If pictures appear in the lines below, skip them and copy exactly the lines from the one containing "广州秀泰纺织品有限公司,成立" through the one containing "本資料では「派遣か、アウトソ", and nothing else.

======== DATA FOR THIS TASK ========

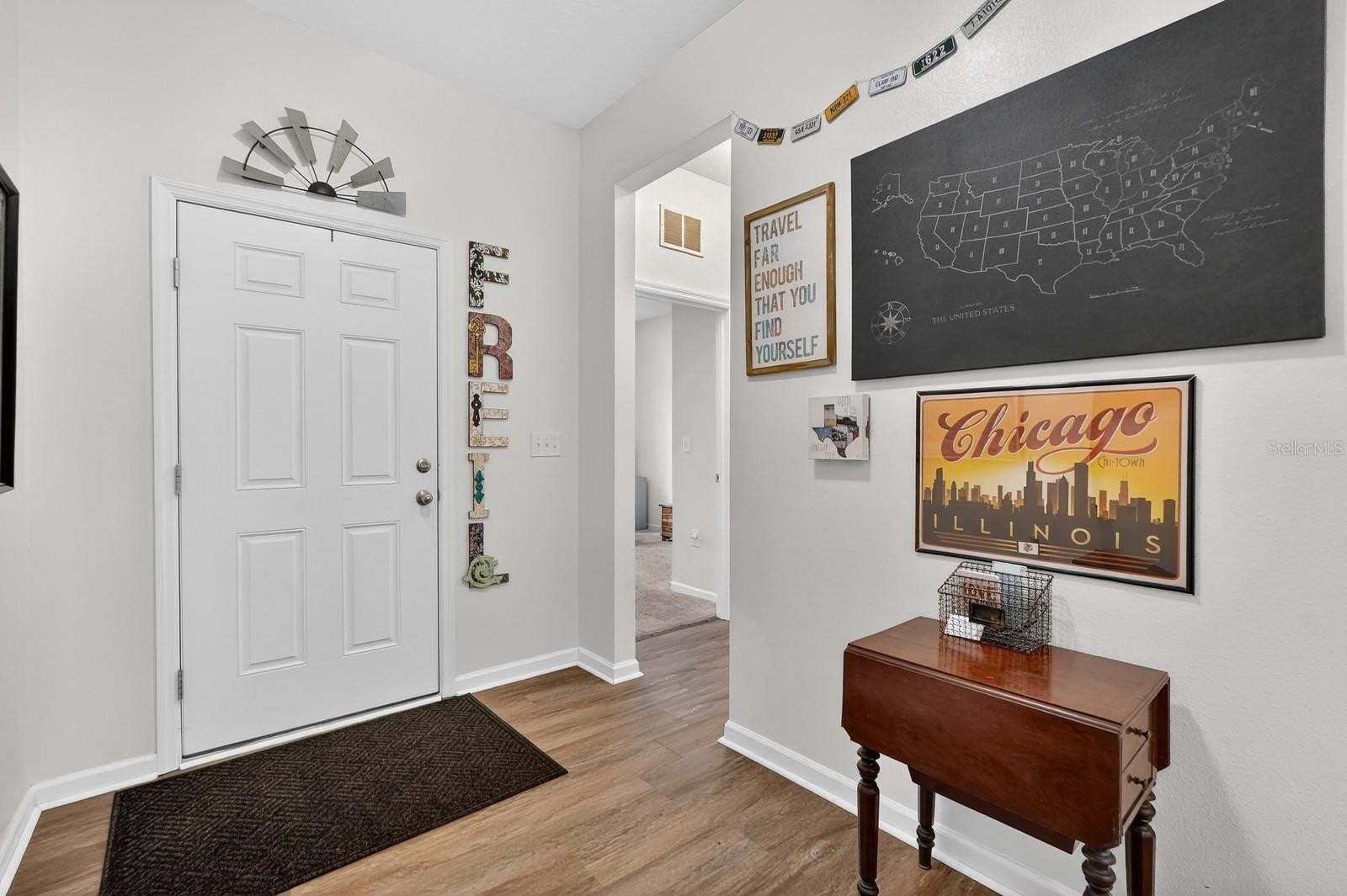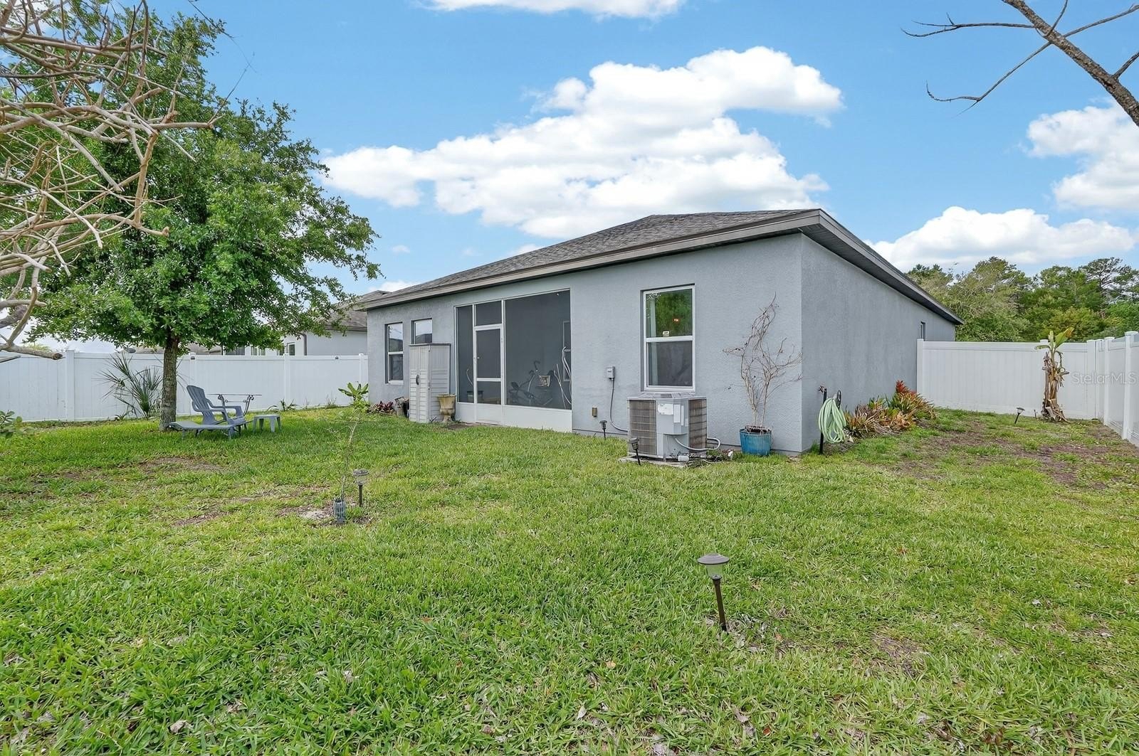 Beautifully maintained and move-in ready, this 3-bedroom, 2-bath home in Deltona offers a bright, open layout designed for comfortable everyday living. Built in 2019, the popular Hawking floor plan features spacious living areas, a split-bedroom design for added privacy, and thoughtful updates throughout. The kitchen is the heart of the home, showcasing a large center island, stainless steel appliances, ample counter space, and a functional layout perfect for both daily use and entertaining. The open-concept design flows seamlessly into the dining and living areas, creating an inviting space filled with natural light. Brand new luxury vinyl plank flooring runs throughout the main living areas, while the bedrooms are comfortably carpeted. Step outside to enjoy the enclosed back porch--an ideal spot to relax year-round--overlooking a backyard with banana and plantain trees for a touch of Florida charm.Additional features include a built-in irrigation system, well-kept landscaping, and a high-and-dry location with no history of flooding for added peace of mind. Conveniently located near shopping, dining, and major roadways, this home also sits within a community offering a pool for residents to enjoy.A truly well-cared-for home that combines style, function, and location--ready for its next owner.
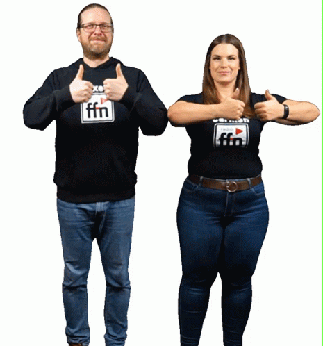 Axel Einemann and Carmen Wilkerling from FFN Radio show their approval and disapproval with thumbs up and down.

========
======== DATA FOR THIS TASK ========

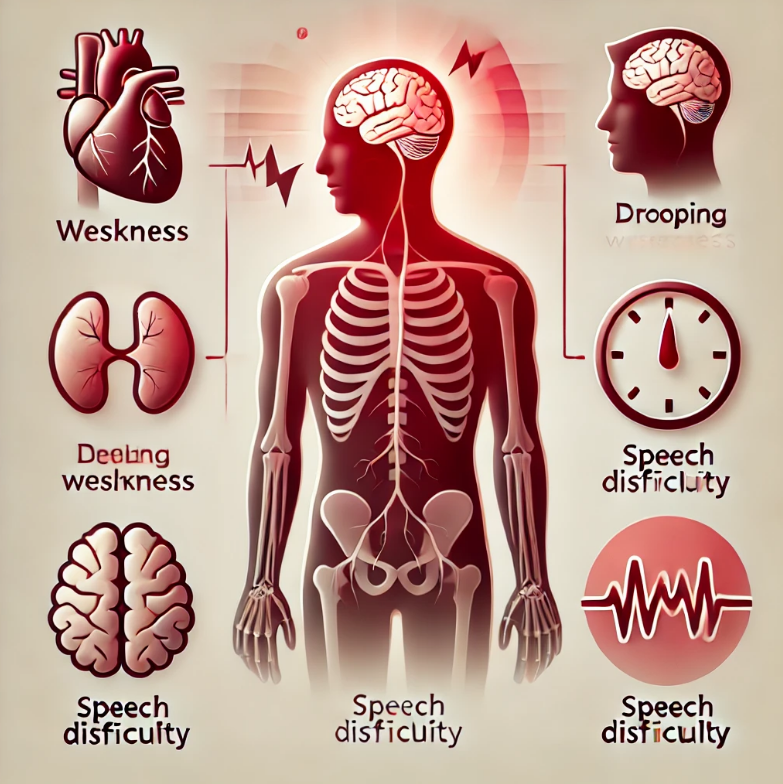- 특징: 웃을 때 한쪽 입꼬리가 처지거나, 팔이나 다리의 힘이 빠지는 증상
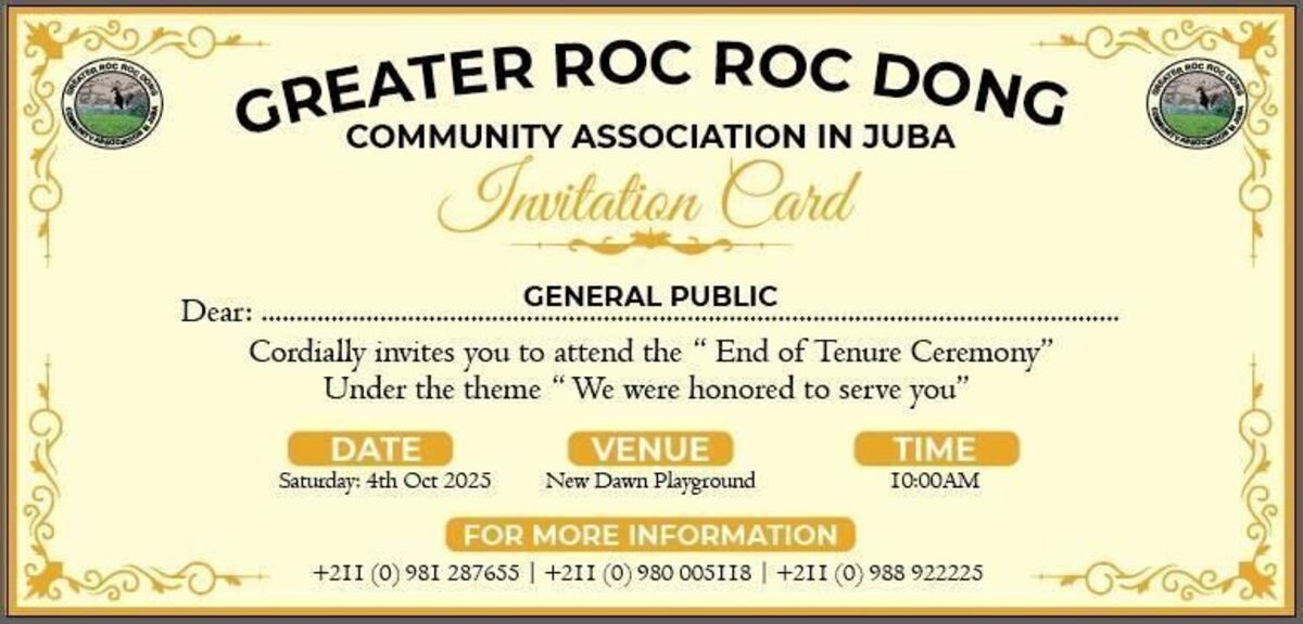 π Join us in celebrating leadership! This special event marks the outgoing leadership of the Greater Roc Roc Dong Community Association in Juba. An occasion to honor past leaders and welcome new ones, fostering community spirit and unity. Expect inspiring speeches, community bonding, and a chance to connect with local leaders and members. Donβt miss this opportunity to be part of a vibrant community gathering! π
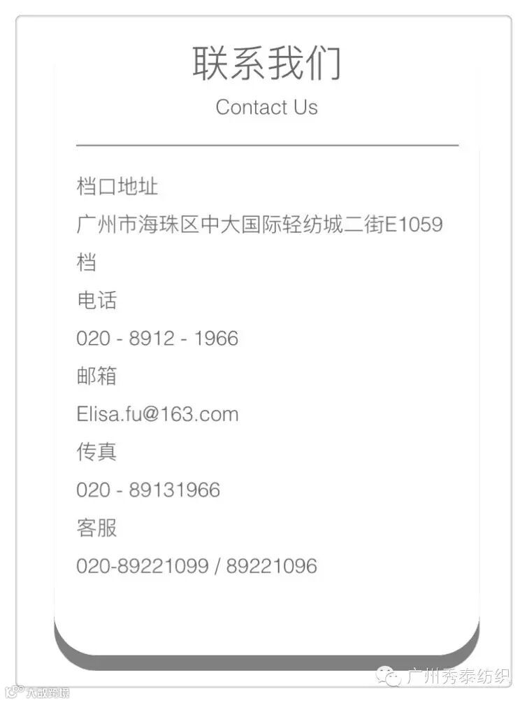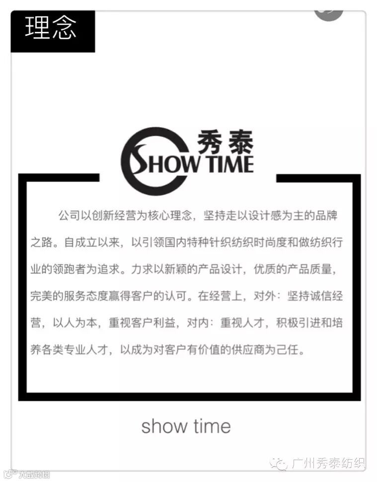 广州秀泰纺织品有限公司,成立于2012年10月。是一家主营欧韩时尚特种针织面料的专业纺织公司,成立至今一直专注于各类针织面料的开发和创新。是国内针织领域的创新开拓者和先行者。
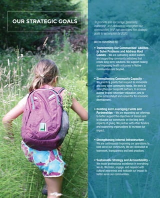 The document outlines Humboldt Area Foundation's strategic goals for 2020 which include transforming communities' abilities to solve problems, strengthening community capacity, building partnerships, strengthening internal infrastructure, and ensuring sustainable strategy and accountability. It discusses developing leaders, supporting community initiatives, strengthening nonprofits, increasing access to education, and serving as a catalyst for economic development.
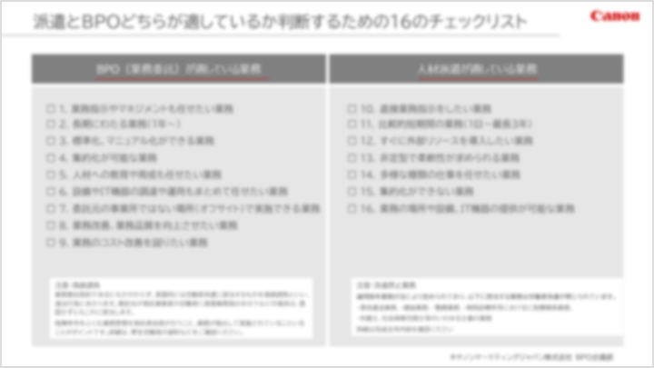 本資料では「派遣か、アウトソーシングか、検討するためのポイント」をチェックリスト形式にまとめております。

========
======== DATA FOR THIS TASK ========

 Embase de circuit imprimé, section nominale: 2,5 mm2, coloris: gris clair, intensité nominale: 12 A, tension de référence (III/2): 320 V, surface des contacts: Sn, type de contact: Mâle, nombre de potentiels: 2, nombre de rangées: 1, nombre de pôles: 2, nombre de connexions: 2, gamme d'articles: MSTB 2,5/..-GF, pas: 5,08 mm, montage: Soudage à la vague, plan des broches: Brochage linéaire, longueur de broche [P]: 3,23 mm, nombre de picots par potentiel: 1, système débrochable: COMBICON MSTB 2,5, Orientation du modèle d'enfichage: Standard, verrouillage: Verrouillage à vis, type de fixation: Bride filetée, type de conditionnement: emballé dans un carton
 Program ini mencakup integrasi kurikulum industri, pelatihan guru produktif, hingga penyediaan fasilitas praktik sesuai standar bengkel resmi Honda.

========

• ANSWER TO THIS TASK:
 广州秀泰纺织品有限公司,成立于2012年10月。是一家主营欧韩时尚特种针织面料的专业纺织公司,成立至今一直专注于各类针织面料的开发和创新。是国内针织领域的创新开拓者和先行者。
 The document outlines Humboldt Area Foundation's strategic goals for 2020 which include transforming communities' abilities to solve problems, strengthening community capacity, building partnerships, strengthening internal infrastructure, and ensuring sustainable strategy and accountability. It discusses developing leaders, supporting community initiatives, strengthening nonprofits, increasing access to education, and serving as a catalyst for economic development.
 本資料では「派遣か、アウトソーシングか、検討するためのポイント」をチェックリスト形式にまとめております。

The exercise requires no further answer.